The risk that Marks writes about is chasing performance. Much like playing the lottery “because somebody has to win,” chasing performance is falling victim to the view that getting an edge in the markets is something to strive for, that achieving a return that is slightly superior to the total market is not only possible but absolutely worth the trouble.

The challenge here is what one might call the “Olympic viewpoint” error. What’s the difference between gold and silver, and then silver and bronze? In a sport like swimming, a fraction of a second. And the gap between bronze and the rest of the losing swimmers watching from the stands? About the same.

But investing is not Olympic swimming. The difference between “the best” and “pretty darn good” isn’t really relevant over the course of a long investment horizon. You can make up a lot of ground in compounding, avoiding unnecessary fees, and managing taxes carefully. One bad slip, however, and you will wipe out years of value.

Better than Average

Vanguard Group Founder John Bogle expressed the problem of overconfidence succinctly in an interview with Investment Advisor magazine in May 2010.

“We all think we’re smarter than average, better drivers than average, I’ve observed without factual verification that most people think they’re better lovers than average, and they think they’re better managers, because ‘I can pick good managers,’” Bogle said. “The record is bereft of a single scintilla of evidence that’s an easy thing to do.”

In fact, he continued, new data from the well-known financial economists Eugene F. Fama and Kenneth R. French showed that mutual funds beat the broad market just 3% of the time over long periods.

“The odds are 97% that you’ll do worse than in an index fund,” Bogle said. “So I’d just like to bring common sense, reality and mathematical truth back into the world of investing.
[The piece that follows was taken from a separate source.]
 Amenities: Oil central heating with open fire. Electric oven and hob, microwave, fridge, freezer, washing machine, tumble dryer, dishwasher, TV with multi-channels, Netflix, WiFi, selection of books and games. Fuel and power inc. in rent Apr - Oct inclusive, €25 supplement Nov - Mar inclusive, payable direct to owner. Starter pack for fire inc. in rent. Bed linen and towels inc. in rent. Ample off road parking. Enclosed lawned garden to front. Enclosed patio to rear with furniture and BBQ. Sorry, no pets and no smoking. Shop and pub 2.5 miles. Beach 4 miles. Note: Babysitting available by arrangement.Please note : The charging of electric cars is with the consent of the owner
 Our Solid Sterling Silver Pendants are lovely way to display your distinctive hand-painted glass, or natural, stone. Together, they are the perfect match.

And don’t think I’m going to stop trying.”

What does this investor “under” performance look like in the real world? One research firm studies this problem quite closely. Dalbar, in Boston, Mass., does an annual quantitative analysis of investor behavior, trying to illustrate how large the gap is between market returns (what stocks do, all things being equal) and investor returns (what really happens to your money because of your decisions).
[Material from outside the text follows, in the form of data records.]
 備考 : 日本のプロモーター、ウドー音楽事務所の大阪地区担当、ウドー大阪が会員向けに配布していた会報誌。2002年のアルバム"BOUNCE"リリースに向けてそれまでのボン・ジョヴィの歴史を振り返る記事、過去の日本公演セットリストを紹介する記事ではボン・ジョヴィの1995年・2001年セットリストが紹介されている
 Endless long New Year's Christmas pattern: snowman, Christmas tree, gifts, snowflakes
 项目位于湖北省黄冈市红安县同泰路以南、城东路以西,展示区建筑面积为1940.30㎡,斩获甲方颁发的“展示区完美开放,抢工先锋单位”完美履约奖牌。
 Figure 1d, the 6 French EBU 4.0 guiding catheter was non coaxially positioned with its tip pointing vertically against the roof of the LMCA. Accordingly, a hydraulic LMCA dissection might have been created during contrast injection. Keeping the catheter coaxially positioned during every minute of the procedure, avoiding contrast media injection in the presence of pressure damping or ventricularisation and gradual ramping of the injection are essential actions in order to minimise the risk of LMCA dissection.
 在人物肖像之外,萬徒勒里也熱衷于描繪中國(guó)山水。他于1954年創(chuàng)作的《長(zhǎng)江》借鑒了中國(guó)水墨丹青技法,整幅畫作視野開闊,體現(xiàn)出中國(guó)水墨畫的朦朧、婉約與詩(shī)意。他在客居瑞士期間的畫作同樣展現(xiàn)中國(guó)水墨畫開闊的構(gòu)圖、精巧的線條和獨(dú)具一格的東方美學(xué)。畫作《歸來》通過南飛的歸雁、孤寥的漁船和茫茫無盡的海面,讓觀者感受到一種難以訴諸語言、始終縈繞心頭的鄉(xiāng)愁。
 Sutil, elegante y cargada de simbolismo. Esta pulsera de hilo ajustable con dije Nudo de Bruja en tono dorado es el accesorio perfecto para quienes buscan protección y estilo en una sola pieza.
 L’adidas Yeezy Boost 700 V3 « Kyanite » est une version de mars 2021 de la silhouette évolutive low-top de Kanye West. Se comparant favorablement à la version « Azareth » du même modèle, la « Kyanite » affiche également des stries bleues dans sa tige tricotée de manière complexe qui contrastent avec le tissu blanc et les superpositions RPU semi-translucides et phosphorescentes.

Unsurprisingly, we’re really bad at guessing the direction of the market, and over every conceivable time frame, bull market or bear. Dalbar found that the average equity investor underperformed by the S&P 500 by 4.32% over 20 years and the average fixed-income investor underperformed the Barclay’s Aggregate Bond Index by 5.56%. I don’t have to look at your portfolio to tell you that underperformance plus management fees isn’t your best strategy.

Forget About Trading

Did investors beat the benchmarks in some years and lose badly others? Nope. In time frames measured by 1 year, 3 years, 5 years, 10 years and 20 years, we consistently would do better — much better — buying an index fund and forgetting about trading.
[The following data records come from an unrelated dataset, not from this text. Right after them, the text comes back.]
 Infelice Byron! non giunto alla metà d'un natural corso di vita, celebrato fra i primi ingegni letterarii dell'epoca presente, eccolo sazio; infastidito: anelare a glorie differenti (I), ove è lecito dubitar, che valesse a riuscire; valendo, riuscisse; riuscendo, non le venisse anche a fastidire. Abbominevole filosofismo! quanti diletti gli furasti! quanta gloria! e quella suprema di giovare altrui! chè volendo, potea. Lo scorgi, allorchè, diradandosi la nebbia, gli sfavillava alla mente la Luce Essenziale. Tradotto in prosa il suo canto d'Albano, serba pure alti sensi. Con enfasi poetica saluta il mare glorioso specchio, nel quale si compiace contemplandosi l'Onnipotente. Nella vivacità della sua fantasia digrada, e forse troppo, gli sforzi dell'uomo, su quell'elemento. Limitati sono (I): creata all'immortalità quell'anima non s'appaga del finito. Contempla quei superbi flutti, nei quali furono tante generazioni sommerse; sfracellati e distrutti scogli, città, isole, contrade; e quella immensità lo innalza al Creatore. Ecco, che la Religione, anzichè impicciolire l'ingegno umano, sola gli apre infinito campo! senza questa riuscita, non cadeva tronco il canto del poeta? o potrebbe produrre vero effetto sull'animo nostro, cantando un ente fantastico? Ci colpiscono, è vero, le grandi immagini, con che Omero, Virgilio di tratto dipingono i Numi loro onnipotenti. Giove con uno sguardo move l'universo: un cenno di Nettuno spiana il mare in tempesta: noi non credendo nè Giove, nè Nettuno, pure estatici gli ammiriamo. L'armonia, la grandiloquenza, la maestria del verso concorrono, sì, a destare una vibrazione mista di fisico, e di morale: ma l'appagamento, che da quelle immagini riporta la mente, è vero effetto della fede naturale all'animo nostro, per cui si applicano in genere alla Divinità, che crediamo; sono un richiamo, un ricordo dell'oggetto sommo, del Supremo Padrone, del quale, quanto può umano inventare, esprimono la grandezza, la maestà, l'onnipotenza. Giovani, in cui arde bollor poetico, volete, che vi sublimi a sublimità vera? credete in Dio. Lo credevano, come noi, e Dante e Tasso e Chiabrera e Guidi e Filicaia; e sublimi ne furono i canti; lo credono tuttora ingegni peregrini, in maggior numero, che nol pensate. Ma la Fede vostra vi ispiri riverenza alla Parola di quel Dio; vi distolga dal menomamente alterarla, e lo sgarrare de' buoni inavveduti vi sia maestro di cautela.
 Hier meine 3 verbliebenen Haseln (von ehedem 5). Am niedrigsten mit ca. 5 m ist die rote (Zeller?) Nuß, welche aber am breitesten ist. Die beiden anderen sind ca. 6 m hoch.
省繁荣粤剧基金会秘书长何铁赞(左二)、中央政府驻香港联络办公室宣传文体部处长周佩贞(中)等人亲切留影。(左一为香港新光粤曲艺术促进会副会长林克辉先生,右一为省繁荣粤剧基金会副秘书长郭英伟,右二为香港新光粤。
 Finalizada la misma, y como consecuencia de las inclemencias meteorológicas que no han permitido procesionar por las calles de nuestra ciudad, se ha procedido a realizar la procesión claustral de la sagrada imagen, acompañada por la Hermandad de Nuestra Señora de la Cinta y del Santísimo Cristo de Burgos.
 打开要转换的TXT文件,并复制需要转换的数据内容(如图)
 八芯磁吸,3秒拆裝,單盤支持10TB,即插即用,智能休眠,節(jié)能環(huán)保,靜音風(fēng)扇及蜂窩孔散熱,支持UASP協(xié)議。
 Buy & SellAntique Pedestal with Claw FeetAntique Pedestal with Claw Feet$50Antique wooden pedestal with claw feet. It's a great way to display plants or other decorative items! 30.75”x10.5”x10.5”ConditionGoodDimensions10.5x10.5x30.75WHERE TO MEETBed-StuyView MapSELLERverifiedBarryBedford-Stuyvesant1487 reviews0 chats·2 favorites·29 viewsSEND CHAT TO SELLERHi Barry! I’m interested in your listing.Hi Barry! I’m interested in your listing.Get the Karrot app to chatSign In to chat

In number terms, stock investors over 20 years saw returns of 3.49%, compared to 7.81% for the S&P 500. Bond investors got creamed, turning in a paltry 0.94% vs. 6.50% for the index.

Ten thousand dollars invested at 3.49% and compounding monthly over 20 years will turn into just over double your money ($20,076.94). At the higher rate of 7.81%, you would end up with $47,442.75. Same investment horizon, same investment type, just less trading. When it comes to investing, less turns out to be a heck of a lot more.